Currently, there have only been two studies [29,31] addressing the parameters impacting HA after SRS, partially including patients treated with modern systemic therapy, and, to date, they have only been published in abstract form. In the first study, by Lucas et al. [29], 128 patients with 428 MBM received SRS. In comparison with our study, patients who also presented with hemorrhagic MBM were included. Systemic therapy consisted of chemotherapy in 55% and biologic therapy in 45% of the patients, whereas 38% of the patients were anticoagulated. The median margin dose was 18.8 Gy. After a median follow-up of 6.5 years, HA occurred in 31% post-SRS. The only factor predictive for post-SRS HA was a decreasing margin dose. Patients with HA pre-SRS were 2.3 times more likely to have additional HA post-SRS (p = 0.06). In the second study, Okoukoni et al. [31] treated 107 patients with 548 MBM. The SRS dose was in median 20 Gy for a median PTV of 2.8 cm3. Seven and seventeen patients also received immunotherapy concurrently and within 1 year from SRS, respectively. After a median follow-up of 13.5 months, post-SRS HA was noted in 123 MBM (22%). Of the factors evaluated, PTV volume (p = 0.0001), total MBM volume (p = 0.0006), and the administration of immunotherapy (p = 0.04) were associated with an increased risk of HA. While the administration of immunotherapy also significantly impacted the risk of HA in our study, we did not find any correlation with the PTV treated, perhaps due to the smaller PTV that was irradiated (median 1.47 cm3).

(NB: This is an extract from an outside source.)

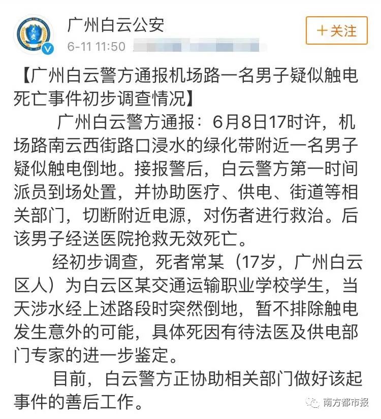 廣州白云警方今早11:50發(fā)布通報(bào):暫不排除觸電發(fā)生意外的可能,具體死因有待法醫(yī)及供電部門(mén)專家的進(jìn)一步鑒定。
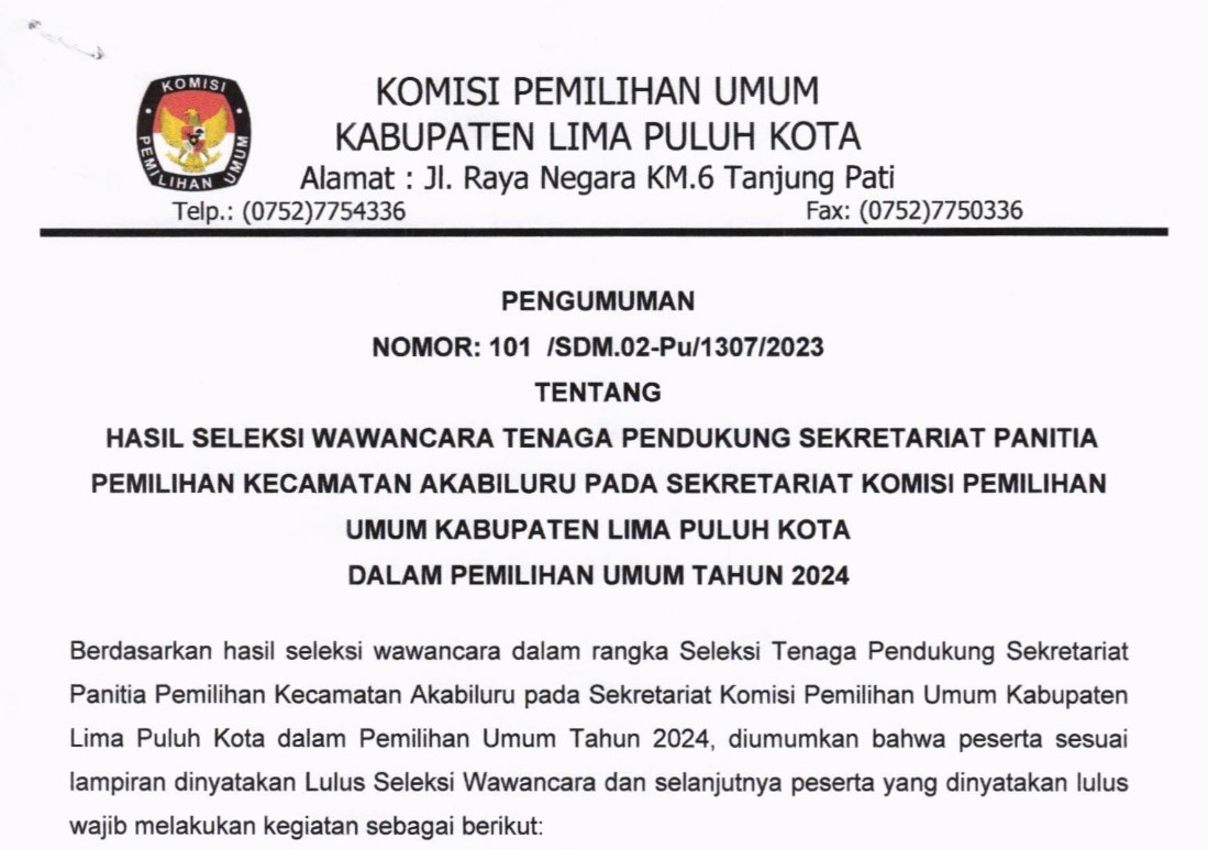 PENGUMUMAN HASIL SELEKSI WAWANCARA TENAGA PENDUKUNG SEKRETARIAT PPK AKABILURU PEMILU 2024 Jumat, 11 Agustus 2023 10:00 122 pengumumannya dapat diunduh DISINI Bagikan: Dilihat 122 Kali.

There are some limitations in our study. Firstly, the retrospective nature with its intrinsic bias. Secondly, the relatively small sample size included patients receiving both targeted therapies and ICI, and thus precluded a further analysis of the correlation of each therapy with the risk of HA. Furthermore, we were not able to retrospectively record the dose of the anticoagulants, namely, therapeutic vs. prophylactic, which might have played an additional role in the rate of HA. Nevertheless, our study is the first to analyze the factors associated with HA of MBM in the modern era of systemic therapy. We particularly focused on the impact of the time between the administration of contemporary melanoma systemic therapy and the SRS by analyzing different intervals within one month. Moreover, we excluded patients with MBM who had encountered HA before SRS, an intrinsic factor for re-HA that could have possibly biased the true effect of the factors analyzed. As patient numbers grow and results mature, our aim is to perform and subsequently present an analysis separating targeted therapies from ICI in order to definitively elucidate the impact of each systemic treatment on HA of MBM.

5. Conclusions

Our study shows that HA of MBM may not that seldom lead to neurological toxicity, and should always be considered as a possible adverse event. Though the interval of the administration of modern systemic therapy and SRS may play a role regarding radiologically evident HA, it appears that its combination is safe, at least concerning HA causing high-grade toxicity. According to our findings, physicians should be alerted for the risk of HA after SRS and modern systemic therapy, especially in patients receiving anticoagulants.